Info-Tech Research Group has officially published the results from its latest report, which claims that traditional vendor security assessments are no longer upto their task.
Going by the given report, some assessments are so burdensome that vendors refuse to bid, or if not that, business units just find ways to bypass the process altogether. By dong so, they leave organizations exposed to significant risk.
Against that, Info-Tech Research’s Build a Vendor Security Assessment Service report outlines a practical, risk-based approach which makes it possible for IT leaders to focus on what matters the most. This approach involves tailoring assessments to actual business risk, and therefore, enabling organizations to streamline processes, enhance compliance, safeguard sensitive data, and make more informed decisions at every single touchpoint.
More on the same would reveal how Info-Tech’s blueprint suggests a departure from one-off assessments and the adoption of a continuous process which packs together initial risk evaluations, treatment through well-defined contractual terms, ongoing monitoring, and regular reassessments. Such a mechanism ensures that due diligence is being carried out in full force even once a vendor is selected.
Talk about the company’s blueprint on a slightly deeper level, it basically follows a three-phase approach.

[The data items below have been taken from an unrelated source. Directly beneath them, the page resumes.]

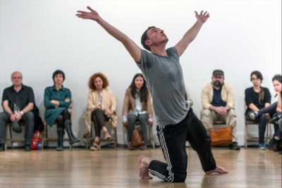 Sudando el discurso es una conferencia performática presentada por el coreógrafo y bailarín Aimar Pérez Galí.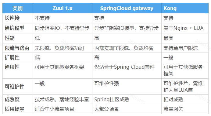 (2)Zuul1.x 网关:Zuul 1.0 的落地经验丰富,但是性能差、基于同步阻塞IO,适合中小架构,不适合并发流量高的场景,因为容易产生线程耗尽,导致请求被拒绝的情况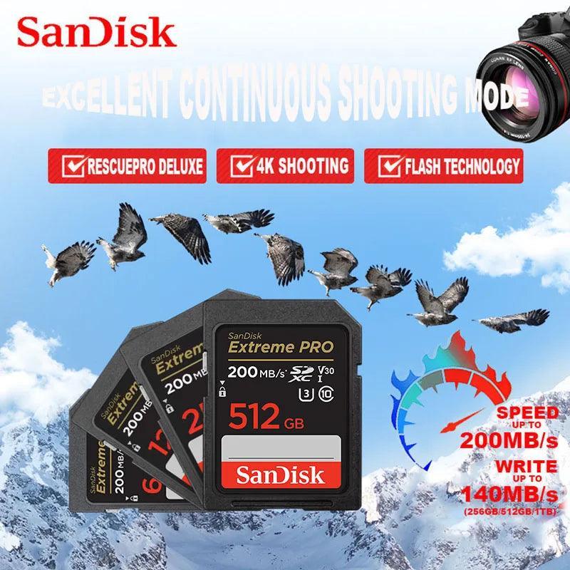 A: This memory card offers Class 10 speed, fast read/write performance, and capacities up to 512GB, specifically to accelerate photo bursts and smooth video recording, all with the assurance of an authentic SanDisk warranty for camera enthusiasts.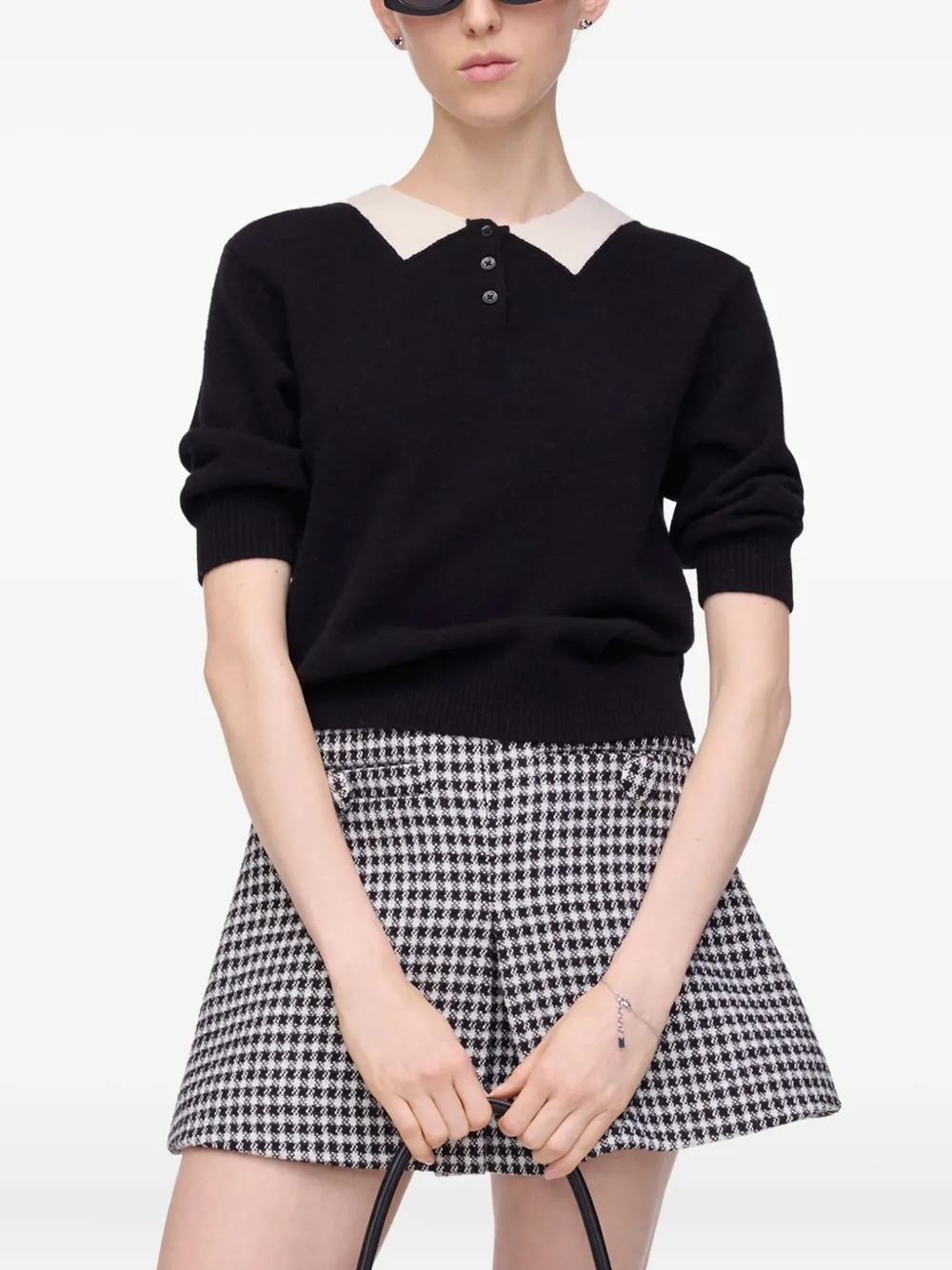 Шерстяной топ с контрастным воротником MARC JACOBS, черный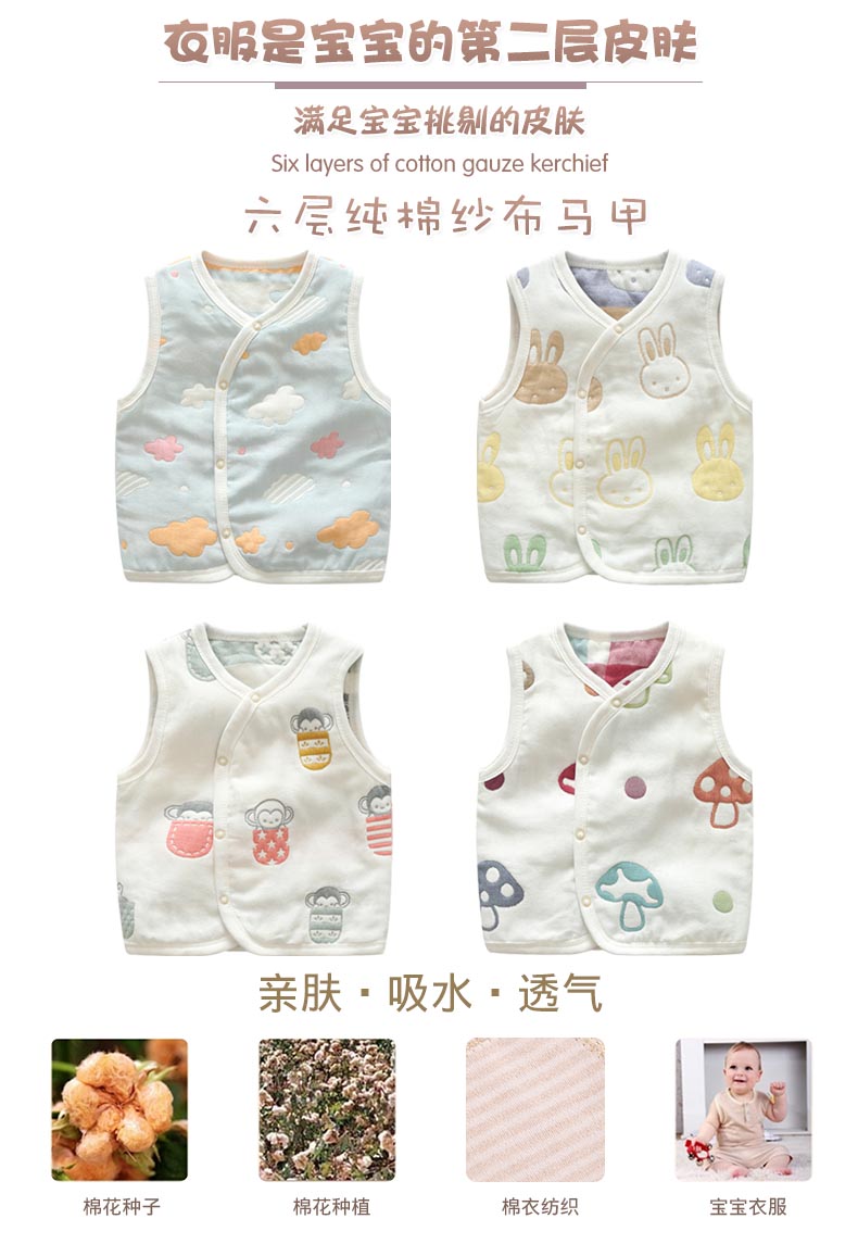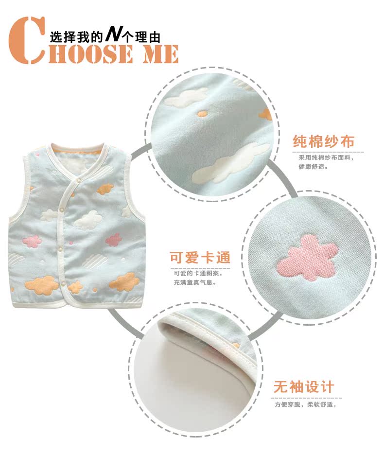 婴儿马甲春秋薄款男宝宝春装婴儿背心女宝宝棉纱布1-3岁护肚坎肩

The first phase asks to specifically define governance and process. Here, organizations must identify requirements, define roles, develop policies, and establish risk treatment strategies that effectively align with the organization’s risk tolerance.
The next step would be to develop a comprehensive assessment methodology, which translates to designing tools for assessing service and vendor risk. Companies can fulfill the stated step by building more effective, risk-based questionnaires, and avoiding common pitfalls like overly broad, purely informational, or excessively long surveys.
The third and final phase relates to implementing and monitoring processes, a phase where you can leverage continuous feedback loop to tailor security requirements across contracts and periodic reassessments.
Beyond that, Info-Tech also offers a framework to actually implement its overarching blueprint.
This framework considers service risk to determine the potential impact of a vendor-related security incident, and it does so by evaluating the assets at risk and the associated recovery costs.
Alongside that, it takes into account vendor-related risk, where the focus is on assessing the likelihood of an incident occurring. The extent of due diligence here will be determined by the potential service impact.
The third risk archetype is composite risk. To gauge this, one must multiply service and vendor risk to calculate. A composite is recorded in a risk register or vendor inventory.
Info-Tech Research’s framework also offers a lowdown related to risk treatment which informs you on how to treat risks, using a matrix to accept, mitigate, or reject them, based on the organization’s risk tolerance.
Similarly, it further offers critical information on how to document assessment outcomes in the vendor inventory, with reassessment frequency guided by the composite risk level.
Founded almost 30 years ago, Info-Tech Research Group’s rise up the ranks is largely orchestrated by its unbiased, highly relevant research, as well as advisory services that help leaders make strategic, timely, and well-informed decisions. The company’s excellence in what it does can also be understood once you consider it is serving, at the moment, more than 30,000 IT and HR professionals across the globe.
“Taking a risk-based approach helps organizations focus their assessments on what matters most, aligning security efforts with the type of service being evaluated and their own tolerance for potential threats,” said Ahmad Jowhar, research analyst at Info-Tech Research Group. “Furthermore, a process that fosters continuous improvement in the vendor security risk management program will enable monitoring and improvement, which will help identify further enhancements to the assessment.”